ÖLÜMÜN ŞAKASI OLMAZ


Oğlumun kreş öğretmeni anlatmıştı çocukların bencilliğini, acımasızlığını. Bir çocuk geri geri giderken bir civcivin üzerine basmış ölümüne neden olmuş. Diğer çocuklar öyle bir saldırmışlar ki o çocuğa, öğretmenler zor kurtarmış linçten. O kadar acımasız bir varlıkmış çocuk.

Ben şahsen beynimin kayda geçtiği anı hatırlıyorum. Ondan sonraki ilklerin hepsini hatırlamıyorum ama bazılarını öğrenme şeklimizden dolayı unutmam mümkün değil. Hem olayın vahameti hemde buna gösterilen tepkinin şiddetinden dolayı.

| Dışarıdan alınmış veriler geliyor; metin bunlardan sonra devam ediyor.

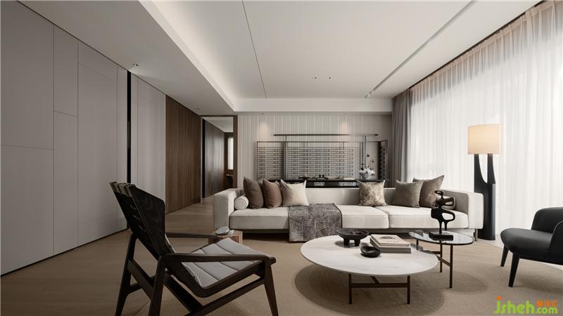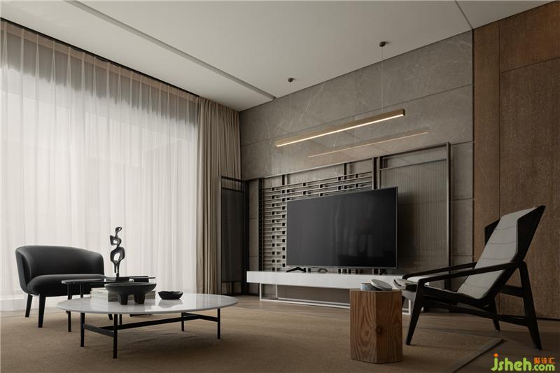 客厅结合大面积采光,围绕着真实触感的空间,开阔的视觉,感受光线流动,在脚步移动之间的气场。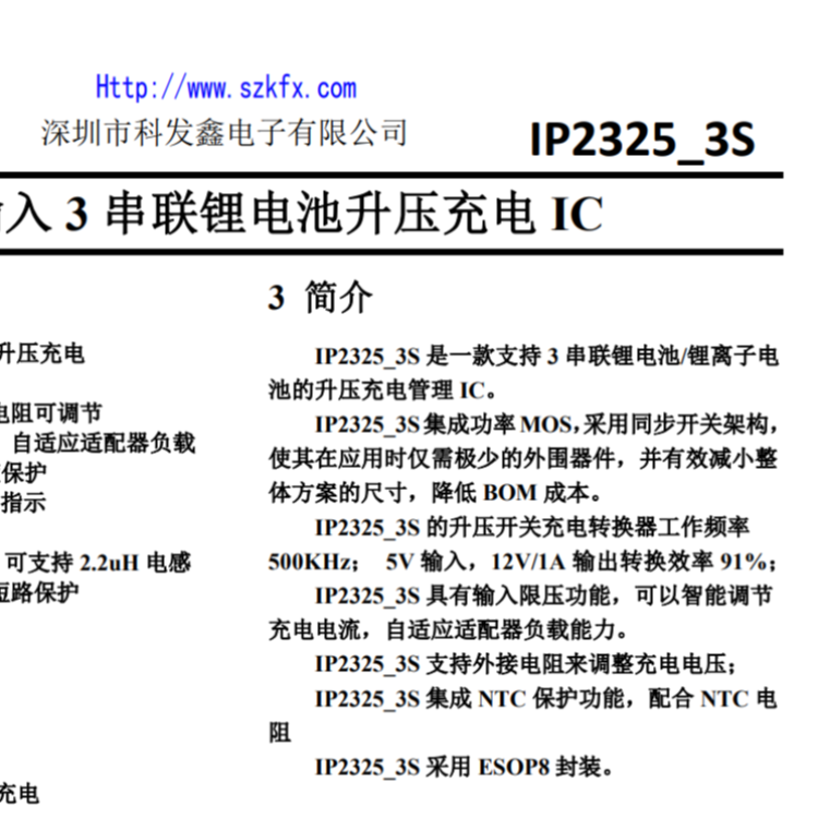 產(chǎn)品型號:IP2305 充滿電壓::4.2V 充電電流 :500mA 封裝:ESOP8 -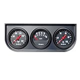 This triple gauge kit gives high performance with a great racing look. The kit includes a mechanical oil/water temperature gauge, an electrical voltmeter, and a mechanical oil pressure gauge. It comes with a 2-in black face dial with white numbers and a red pointer that adds style and readability to its look. It has 12-volt internal lighting and is designed for negative ground systems. It includes 72-in capillary tubing with 5/8-in national pipe thread and 1/4-in, 3/8-in, and 1/2-in adaptors. It includes lighting, mounting hardware, and 72-in nylon tubing with 1/8-in and 1/4-in national pipe thread fittings. It requires a hook-up wire for the voltmeter.
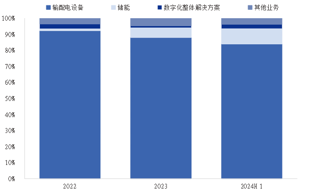 营收盈利增长稳健。公司发展稳健,营业收入从2020年24.2亿元增长到2024Q1-3的47.99亿元,归母净利润从2020年2.32亿元增长到2024Q1-3的4.04亿元,主要得益于公司拓宽产品领域,拓展新客户、新市场。按产品结构来看,公司收入以输变电设备为主,2022年、2023年,干式变压器收入分别占总收入的68.87%、61.38%;储能及数字化解决方案收入加速兑现。按下游行业结构来看,2023年公司新能源下游收入占比 56%,其中光伏(51%)、风电(30%);非新能源领域中,收入占比43%,其中工业企业电气配套(42%)、基础设施(19%)。受光伏、风电等下游需求阶段性疲软和行业竞争加剧影响,公司241国内新能源收入同比下降19.29%,但新基建业务增长支撑国内营收稳中向好。24H1国内重要基础设施、发电及供电、新基建领域的销售收入分别同比增长104.7%、67.4%和83.4%,最后内销总收入同比下降10.02%。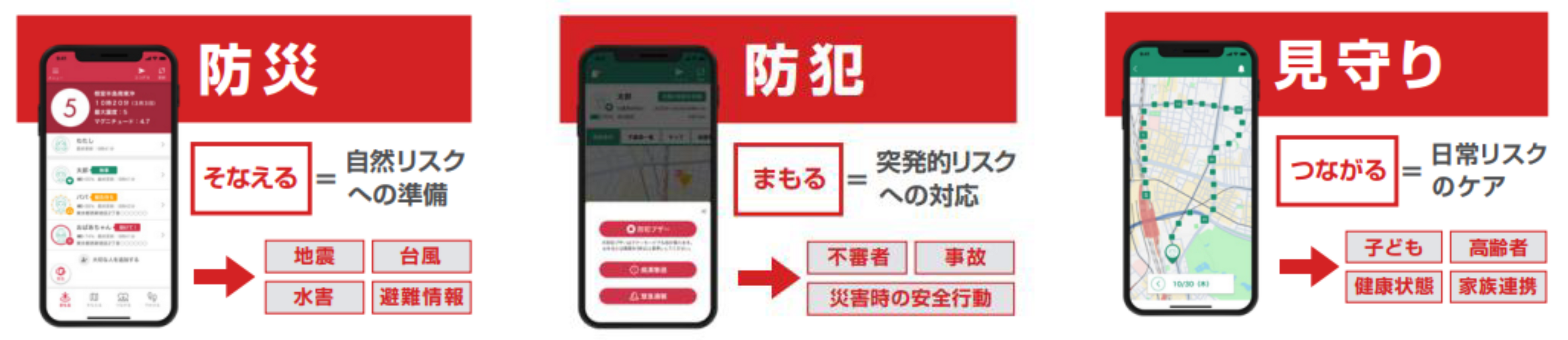 緊急地震速報との連動により登録した方の位置情報を自動共有し、すみやかな状況把握を可能にします。地震・津波・大雨などの災害情報もリアルタイムで通知。ハザードマップ・避難所情報・地域の危険情報・天気情報をアプリ内で一元管理でき、事前の備えから緊急時の行動まで一貫してサポートします。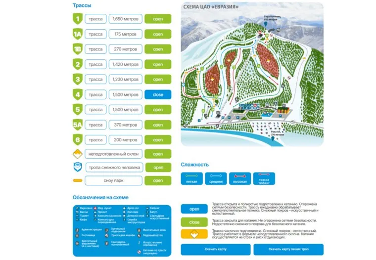 В ГЛЦ «Евразия» для любителей снежного спорта создано девять трасс с естественным и искусственным снегом. В пользовании посетителей трассы от 175 до 1500 метров. Также открыты: неподготовленный склон, тропа снежного человека и сноу-парк. На территории расположилась и трассы для ходьбы: в 500 метров, пять километров от вершины горы Копанец и еще одна пятикилометровая тропа за учебным склоном. Как указано на карте ГЛЦ, из развлекательных занятий предлагаются: тюбинг, крытый батут и искусственный скалодром.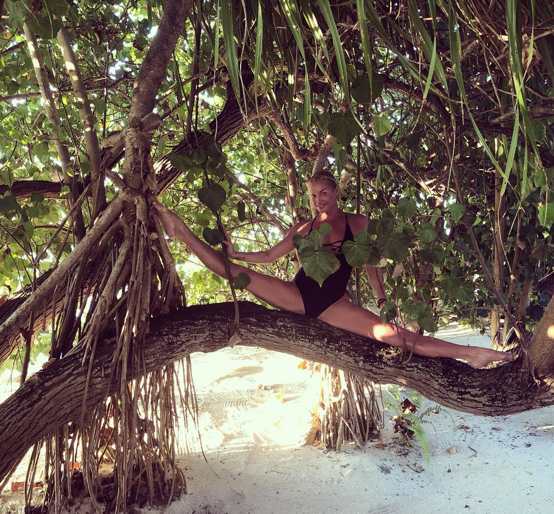 И пока поклонники гадают, всерьез ли Волочкова задумала переезд или просто шутит, балерина "слилась с природой" в джунглях. Она продемонстрировала свой фирменный шпагат на дереве, написав: "У меня тут сегодня таинственное новоселье!".

Efendim, ilkokul bir ya da ikinci sınıftayız. Evde konuşulanlardan öğrendiğim kadarıyla sınıf arkadaşımızın ağabeyi kız kaçırmış. Hatta kızı kaçırabilmek için de babası trafo görevlisi olduğundan kasabanın elektriğini de kesmiş. Fakat kızın babası öldürmüş arkadaşımızın ağabeyini. 

Bundan dolayı sınıfta bir külah içinde akide şekeri dağıtıldı hepimize. Şekerleri yedik fakat çocuk aklımıza ölüm gibi kavramlar tam yerleşmemiş ki arkadaşa şaka yapmaya karar verdik. İçindeki şekerleri yediğimiz külahların içine kum doldurup ağzını kapattık. Teneffüste arkadaşa uzattık:

-Kız kaçırdığı için öldürülen birinin şekerini yemeyiz.

-Yiyin ya, annem çok üzülür.

-Olmaz yemeyiz, al şekerini.

Külahların içinde şeker yerine kum olduğunu gören ve kendisiyle dalga geçtiğimizi anlayan arkadaşımız ağabey acısına bu alay edilmenin eklenmesine çok üzülmüş ve olayı öğretmenimize anlatmış. 

Arkadaşın yüzündeki üzüntü ifadesi yaptığımızın vahametini anlatmaya yetmedi, belki de daha şiddetli bir ikaz gerekiyordu bize. Onu da öğretmenimiz yaptı. Ölümün acı bir şey olduğunu, hele kardeş acısının ne kadar kötü bir şey olduğunu, her işin şakaya  gelmediğini bir güzel öğretti bize, bir daha unutmamak üzere.